Question

What is the maximum mass of ammonia that can be formed when 28.17 grams of nitrogen gas reacts with 10.62 grams of hydrogen gas according to the following equation? Please round your answer to the nearest 0.01 gram.

N2 + 3 H2 à 2 NH3

Answer 1

34.26 grams of NH3 will be formed

Step-by-step explanation:

Step 1: Data given

Mass of nitrogen gas (N2) = 28.17 grams

Molar mass of N2 = 28.00 g/mol

Mass of hydrogen gas (H2) = 10.62 grams

Molar mass of H2 = 2.02 g/mol

Step 2: The balanced equation

N2(g) + 3H2(g) → 2NH3(g)

Step 3: Calculate moles

Moles = mass / molar mass

Moles N2 = 28.17 grams / 28.00 g/mol

Moles N2 = 1.006 moles

Moles H2 =10.62 grams / 2.02 g/mol

Moles H2 = 5.27 moles

Step 4: Calculate the limiting reactant

For 1 mon N2 we need 3 moles H2 to produce 2 moles NH3

N2 is the limiting reactant.

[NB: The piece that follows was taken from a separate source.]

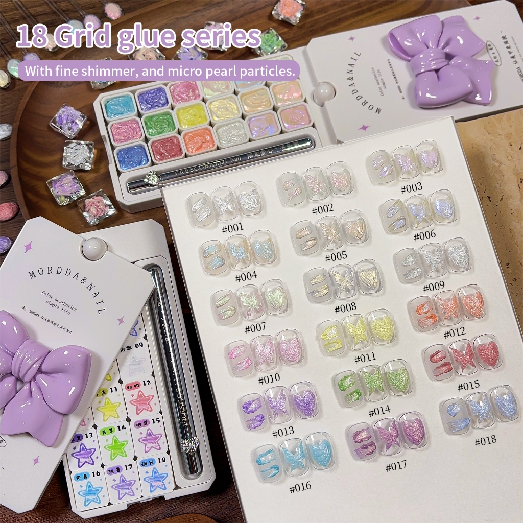 MORDDA ชุดยาทาเล็บเจล Pearl White Glitter 18 สี สามารถใช้สำหรับการเพ้นท์เล็บแบบ 3 มิติ และเหมาะสำหรับใช้ในร้านทำเล็บ
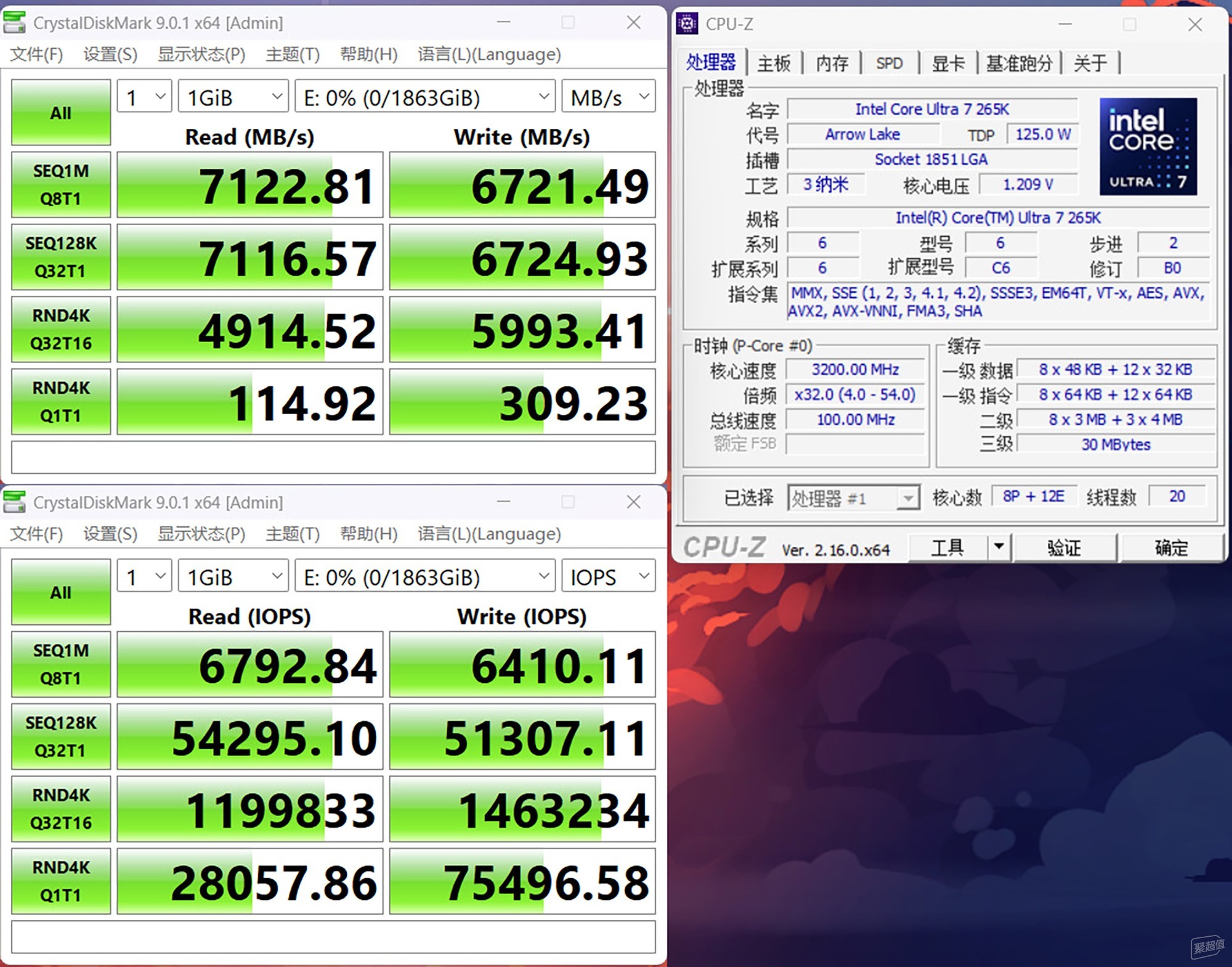 在英特尔酷睿Ultra 7 265K处理器硬件平台测试,在Crystal Disk Mark基准读写测试中,闪迪WD Blue SN5100固态硬盘的顺序读取写入速度分别为7122MB/s与6721MB/s,4K单线程读写速度分别为114.92MB/s与309.23MB/s,4K随机读写IOPS分别为1199K与1463K。

It will completely be consumed (1.006 moles). H2 is in excess. There will react 3*1.006 = 3.018 moles

There will remain 5.27 - 3.018 = 2.252 moles

Step 5: Calculate moles NH3

For 1 mon N2 we need 3 moles H2 to produce 2 moles NH3

For 1.006 moles N2 we'll have 2*1.006 = 2.012 moles NH3

Step 6: Calculate mass NH3

Mass NH3 = moles NH3 * molar mass NH3

Mass NH3 = 2.012 moles * 17.03 g/mol

Mass NH3 = 34.26 grams

38.13 grams of NH3 will be formed

Answer 2

34.21g of ammonia

Step-by-step explanation:

N2 + 3 H2 ------->2 NH3

First find the limiting reactant

Using hydrogen

10.62 g of H2× 1.0 mole of H2/2g H2 ×2.0 mol of NH3/3.0 mol of H2× 17.0 g of NH3/1.0 mol of NH3= 60.18g of NH3

Using nitrogen

28.17 g of N2× 1.0 mole of N2/28g N2 ×2.0 mol of NH3/1.0 mol of N2 × 17.0 g of NH3/1.0 mol of NH3= 17.1g of NH3

Hence nitrogen gas is the limiting reactant.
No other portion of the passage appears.